Add requests with additional parameters:
>>> slot.q.add([{'fp': '/'}, {'fp': 'page1.html', 'p': 1, 'qdata': {'depth': 1}}])
>>> slot.flush()
To retrieve all requests for a given slot:
>>> reqs = slot.q.iter()
To retrieve all fingerprints for a given slot:
>>> fps = slot.f.iter()
To list all the requests use list() method (similar for fingerprints):
>>> fps = slot.q.list()
To delete a batch of requests:
>>> slot.q.delete('00013967d8af7b0001')
To delete the whole slot from the frontier:
>>> slot.delete()
Flush data of the given frontier:
>>> frontier.flush()
Flush data of all frontiers of a project:
>>> frontiers.flush()
Close batch writers of all frontiers of a project:
>>> frontiers.close()
Frontiers are available on project level only.
Settings
You can work with project settings via Settings.

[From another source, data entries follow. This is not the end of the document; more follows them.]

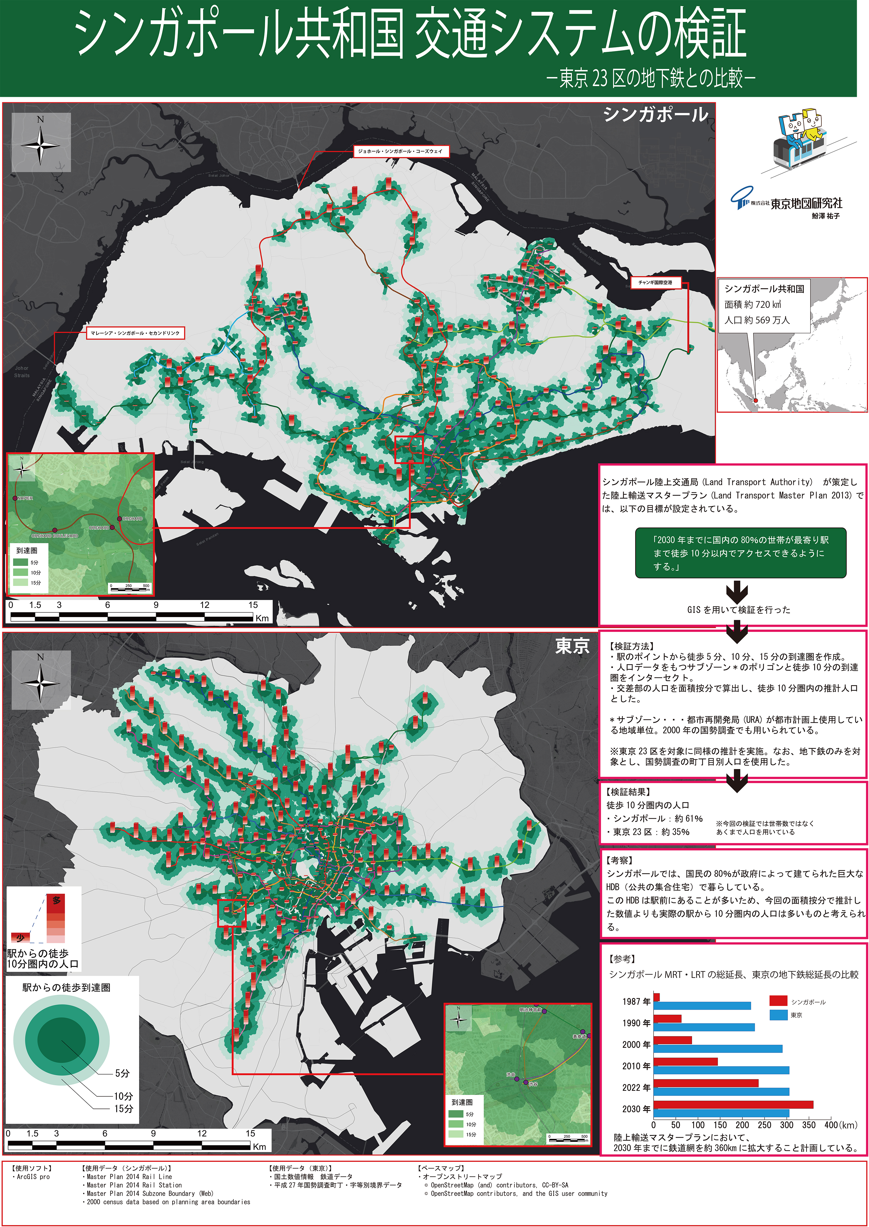 MRT/LRT の既存駅と 2030 年までにできる新駅をプロットし、駅から徒歩 10 分圏内の範囲を可視化するとともに、そこに居住している人口を推計し、東京 23 区の地下鉄との比較も行った。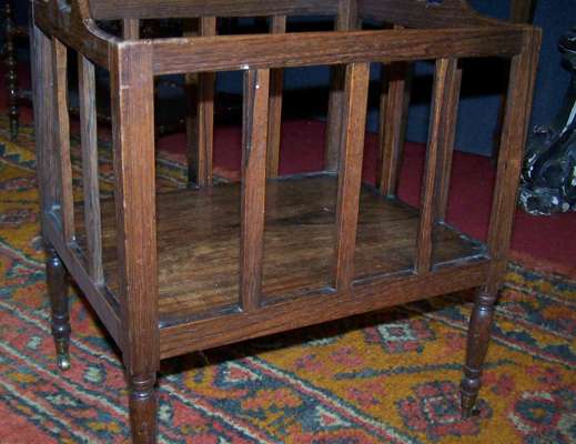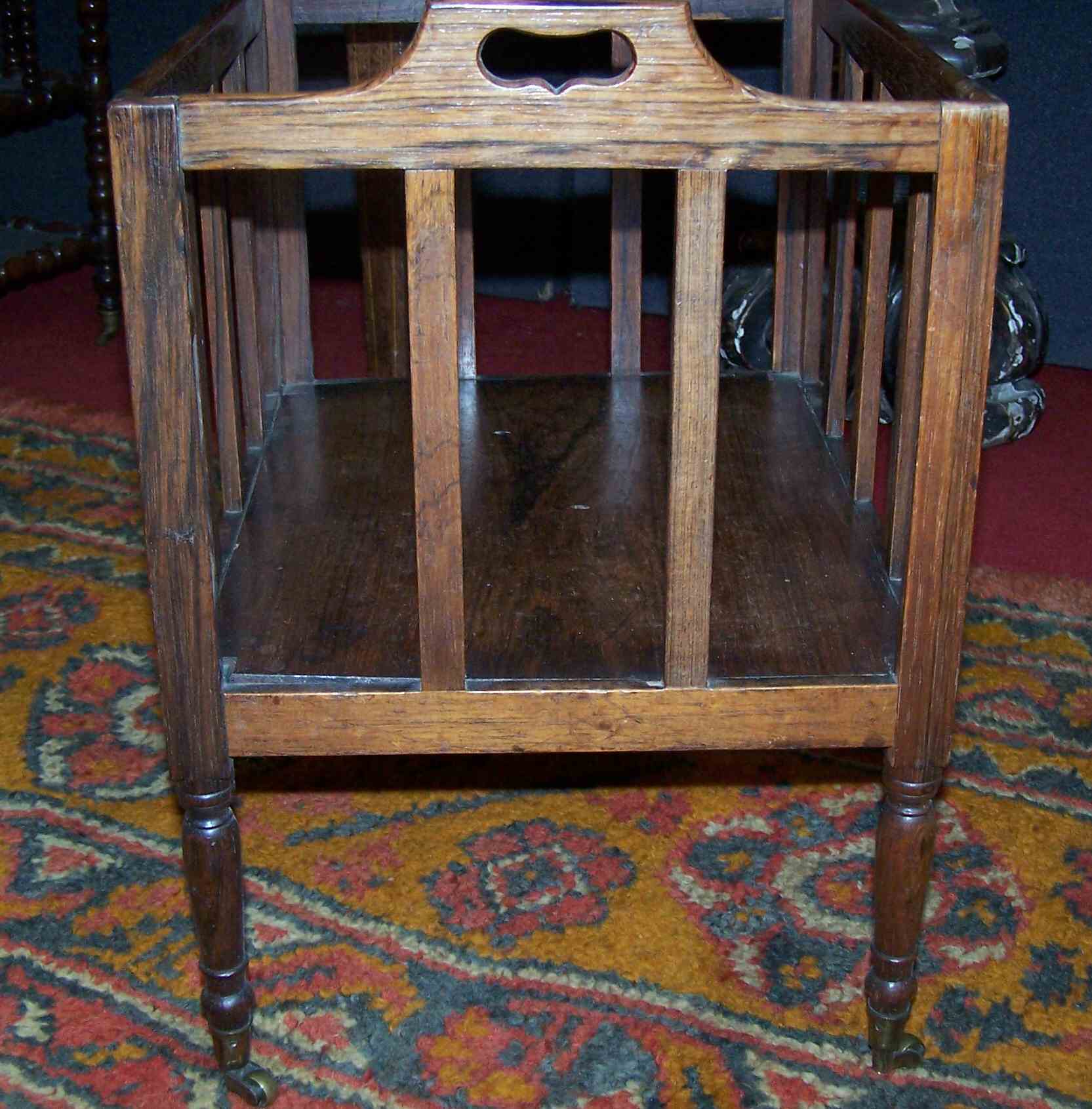 with spar filled sides and inlet handles, on slender turned legs with brass socket castors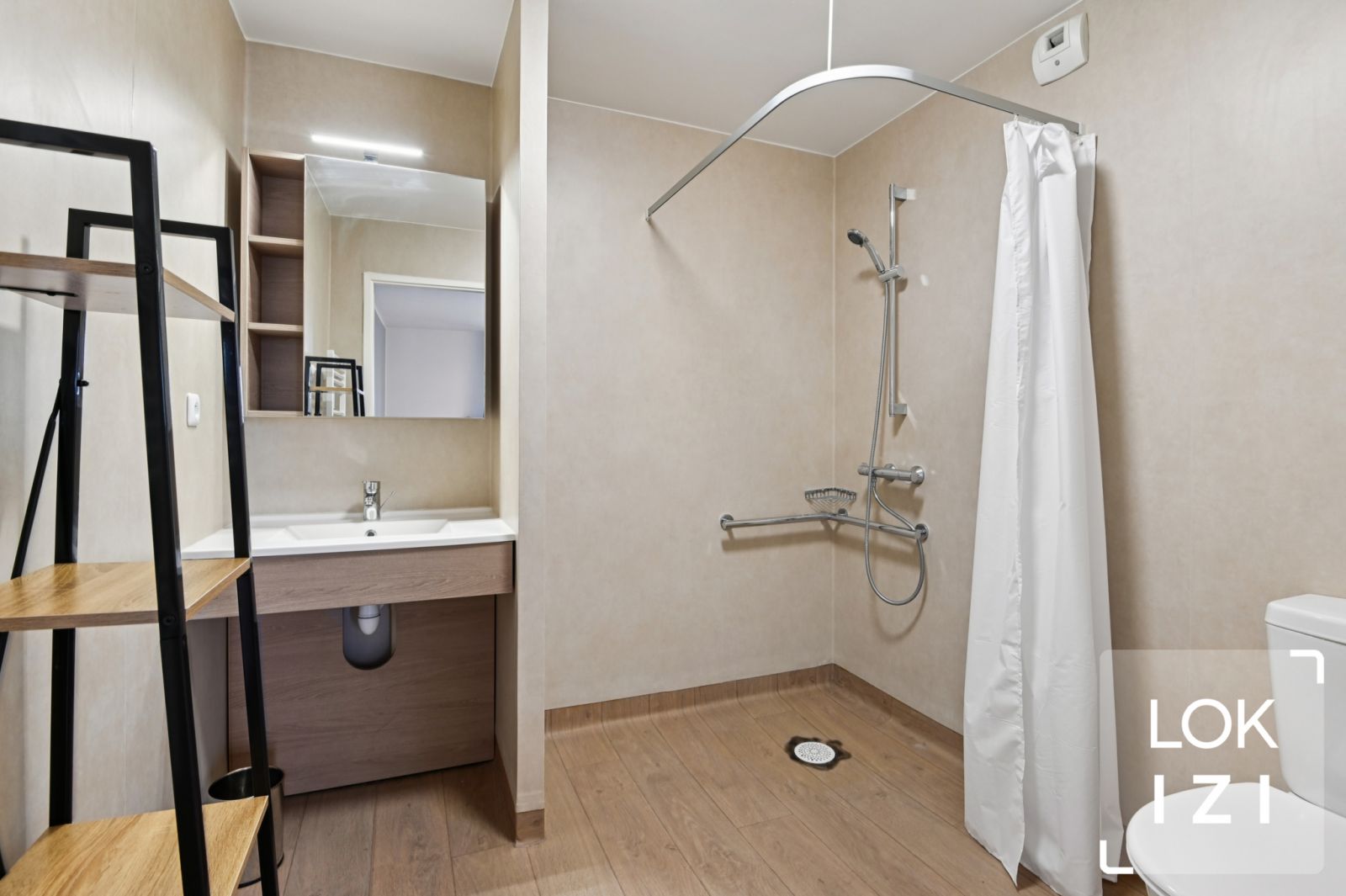 Le studio (fraîchement rénové) est entièrement meublé et équipé. Il se compose de : - entrée - pièce à vivre ouverte sur balcon avec espace salon (avec canapé convertible rapido + TV), espace repas, placard-penderie (avec lave-linge) - kitchenette équipée dans l'entrée (avec réfrigérateur, micro-ondes, plaques de cuisson, kit vaisselle, petit électroménager - salle d'eau avec douche PMR et WC.

To get a list of the project settings:
>>> project.settings.list()
[(u'default_job_units', 2), (u'job_runtime_limit', 24)]]
To get a project setting value by name:
>>> project.settings.get('job_runtime_limit')
24
To update a project setting value by name:
>>> project.settings.set('job_runtime_limit', 20)
Or update a few project settings at once:
>>> project.settings.update({'default_job_units': 1,
... 'job_runtime_limit': 20})
Exceptions
- exception scrapinghub.ScrapinghubAPIError(message=None, http_error=None)[source]
Base exception class.
- exception scrapinghub.BadRequest(message=None, http_error=None)[source]
Usually raised in case of 400 response from API.
- exception scrapinghub.Unauthorized(message=None, http_error=None)[source]
Request lacks valid authentication credentials for the target resource.
- exception scrapinghub.NotFound(message=None, http_error=None)[source]
Entity doesn’t exist (e.g. spider or project).
- exception scrapinghub.ValueTooLarge(message=None, http_error=None)[source]
Value cannot be writtent because it exceeds size limits.